高圧水素タンクは700気圧という高圧力で水素を押し込んでいるため、無期限に使えるものではありません。

そのため、水素燃料電池車の高圧水素タンクには、定期的に検査をした場合で「15年」という充填可能期限が公式に定められています。

寿命を超えても水素タンクを交換すれば乗り続けられますが、水素タンクの交換には数百万円という高額な費用がかかります。
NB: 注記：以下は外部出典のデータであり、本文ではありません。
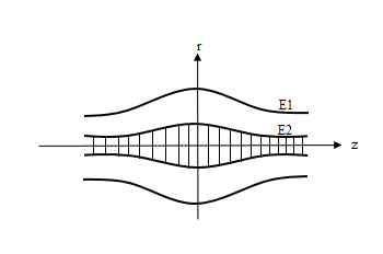 Orbitrap
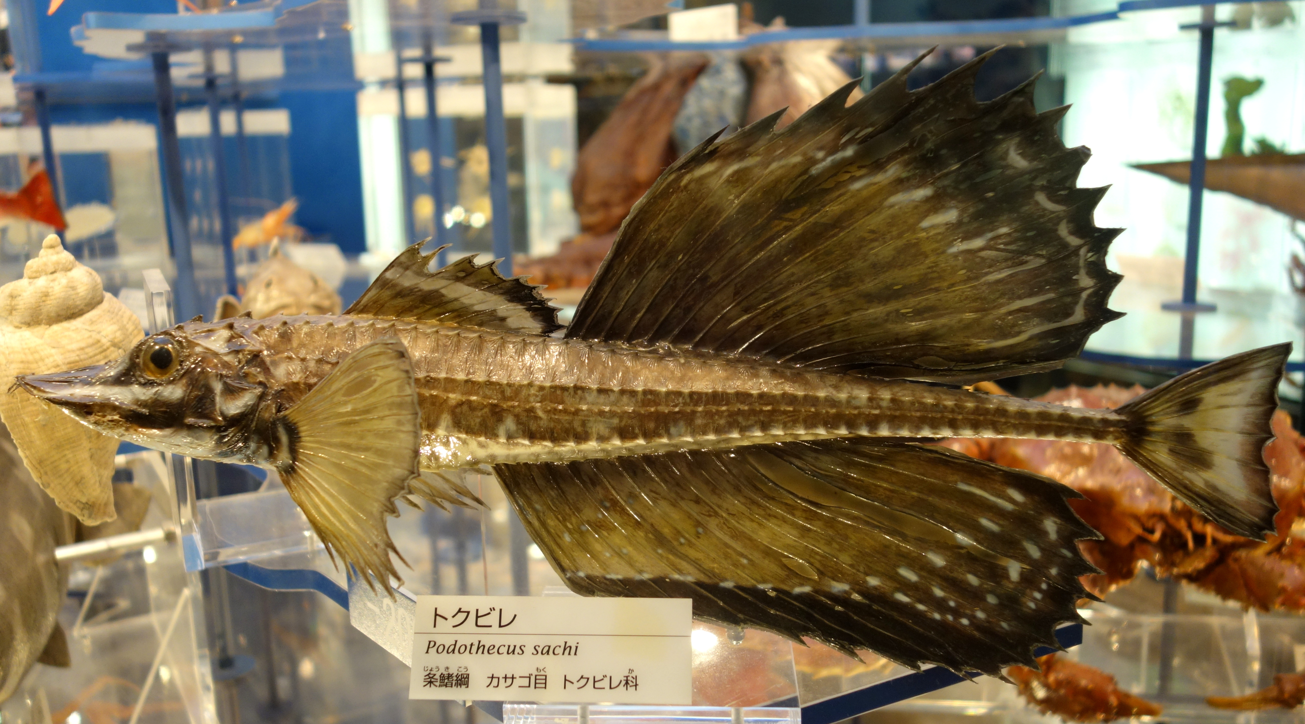 Exhibit in the National Museum of Nature and Science, Tokyo, Japan.
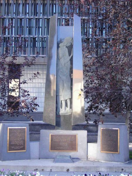 "This memorial, sculptured by Roman Kowal, was a gift to the city of Winnipeg from the members and friends of the Winnipeg branch, Ukrainian Canadian Committee. It was unveiled by his worship Mayor William Norrie, June 24th, 1984" (From [1]) Monument erected: 24 June 1984, Winnipeg, Canada

タンクを交換して乗り続けるのは現実的とはいえないでしょう。

実際に販売されている水素自動車について

ここではトヨタの「MIRAI」を紹介します。

「MIRAI」は水素自動車ではなく水素燃料電池車(FCEV)ですが、燃料に水素を使う車として参考になるでしょう。
水素自動車とは仕組みも違いますが、自動車業界の水素普及に貢献していることは間違いありません。

「MIRAI」は、2014年に発売を開始した車です。

水素の充填時間は約3分で、1回の充填における航続距離は約750〜850kmとなっています。
2020年12月には第2世代が発売されており、第2世代は最高出力174psという高出力を実現しています。

まとめ

水素自動車は走行中に二酸化炭素を排出しませんが、窒素酸化物は排出します。

また、水素の製造や輸送過程においては、二酸化炭素を排出しています。
このような問題から、すべての点において環境にやさしい車とはいえないでしょう。

また、水素ステーションの不足によって普及が進まないという課題もあります。

水素自動車の充填時間はガソリン車とほぼ変わらないため、電気自動車にはない利用しやすさがあるのは事実です。

しかし、水素ステーションの数が少ないため、ガソリンスタンドのように気軽な利用はできません。
メーカーや政府はさまざまな取り組みを行っていますが、問題解決までの道のりは長いといえるでしょう。